— Work order —
Without including any images, set down the records below exactly.

— Records for the task —
☆ ☆ ☆
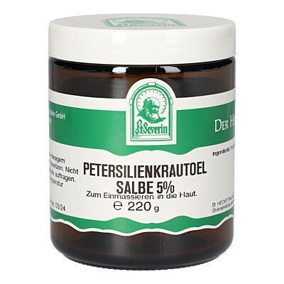 PETERSILIENKRAUTÖL Salbe 5% (220g)Einheit: 220g Salbe Firma: HECHT PHARMA Kontaktdaten Kategorie: Körperpflege » Hautpflege Bestellnummer (PZN): 16761793 PDF-Dokumente:
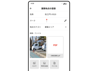 地図上の作業地点ごとに画像・ファイルを登録できるようになりました。
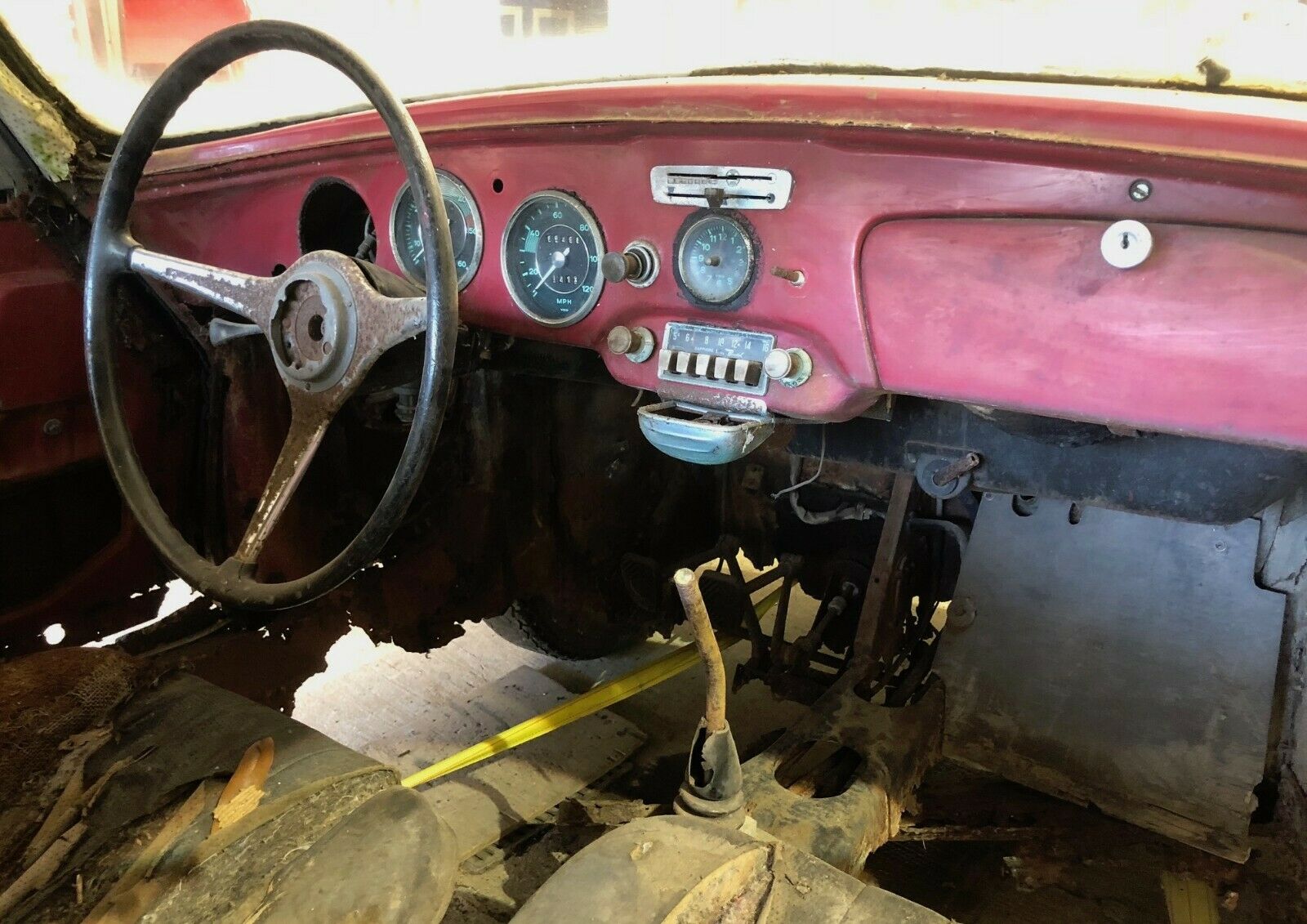 It originally sold in Ruby Red, though you’d never tell with how weathered and corroded the exterior is. The interior, or what’s left of it, also originally came in black. You can see hints of it here and there, but peer through the listing’s photos and it gets even worse.
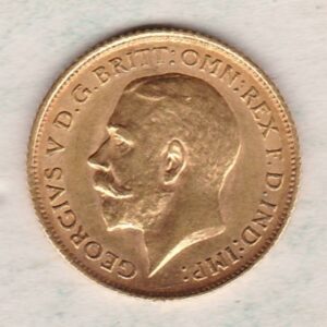 The 1915 half sovereign is a coin struck in 22 carat gold in Sydney, Australia.  The obverse of this coin features the uncrowned portrait of King George V facing left, with legend around. The reverse depicts St. George slaying the dragon, with the date and designer’s initials in exergue. The S mintmark can be seen below the horse’s hooves.
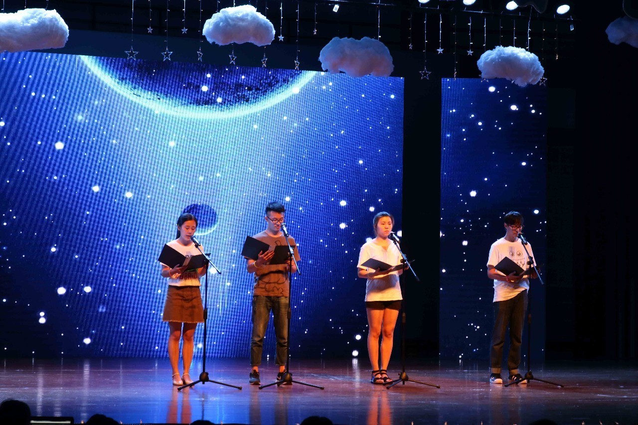 伴随晚会开始倒计时的结束,舞台瞬间沸腾,燃爆全场的开场舞直接将现场氛围烘托至极。紧接着主持人徐鸿飞、朱超凡、徐璐娜、崔宝月同学致开场词并介绍下一个节目——歌曲《流浪记》,一改开场舞火爆风格,《流浪记》婉转悠长,似乎真的让我们看到那个世间浪子。随后话剧《倩女幽魂》将人鬼情未了以别样的形式带给大家,使稍渐伤感的氛围变得轻松愉悦。而《花儿为什么那样红》将古典舞的美完美呈现于大家面前,引起观众阵阵惊叹。之后便是第一个互动环节肢体接力,大家看的不亦乐乎。
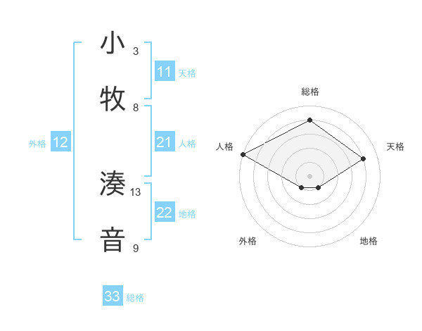 小牧 湊音さんを姓名の画数から五運を鑑定
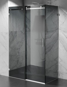 KABINA PRYSZNICOWA PRZESUWNA BEZPROFILOWA, OKUCIA CHROM POŁYSK, SZKŁO GRAFITOWE
☆ ☆ ☆
— Answer box —
 PETERSILIENKRAUTÖL Salbe 5% (220g)Einheit: 220g Salbe Firma: HECHT PHARMA Kontaktdaten Kategorie: Körperpflege » Hautpflege Bestellnummer (PZN): 16761793 PDF-Dokumente:
 地図上の作業地点ごとに画像・ファイルを登録できるようになりました。
 It originally sold in Ruby Red, though you’d never tell with how weathered and corroded the exterior is. The interior, or what’s left of it, also originally came in black. You can see hints of it here and there, but peer through the listing’s photos and it gets even worse.
 The 1915 half sovereign is a coin struck in 22 carat gold in Sydney, Australia.  The obverse of this coin features the uncrowned portrait of King George V facing left, with legend around. The reverse depicts St. George slaying the dragon, with the date and designer’s initials in exergue. The S mintmark can be seen below the horse’s hooves.
 伴随晚会开始倒计时的结束,舞台瞬间沸腾,燃爆全场的开场舞直接将现场氛围烘托至极。紧接着主持人徐鸿飞、朱超凡、徐璐娜、崔宝月同学致开场词并介绍下一个节目——歌曲《流浪记》,一改开场舞火爆风格,《流浪记》婉转悠长,似乎真的让我们看到那个世间浪子。随后话剧《倩女幽魂》将人鬼情未了以别样的形式带给大家,使稍渐伤感的氛围变得轻松愉悦。而《花儿为什么那样红》将古典舞的美完美呈现于大家面前,引起观众阵阵惊叹。之后便是第一个互动环节肢体接力,大家看的不亦乐乎。
 小牧 湊音さんを姓名の画数から五運を鑑定
 KABINA PRYSZNICOWA PRZESUWNA BEZPROFILOWA, OKUCIA CHROM POŁYSK, SZKŁO GRAFITOWE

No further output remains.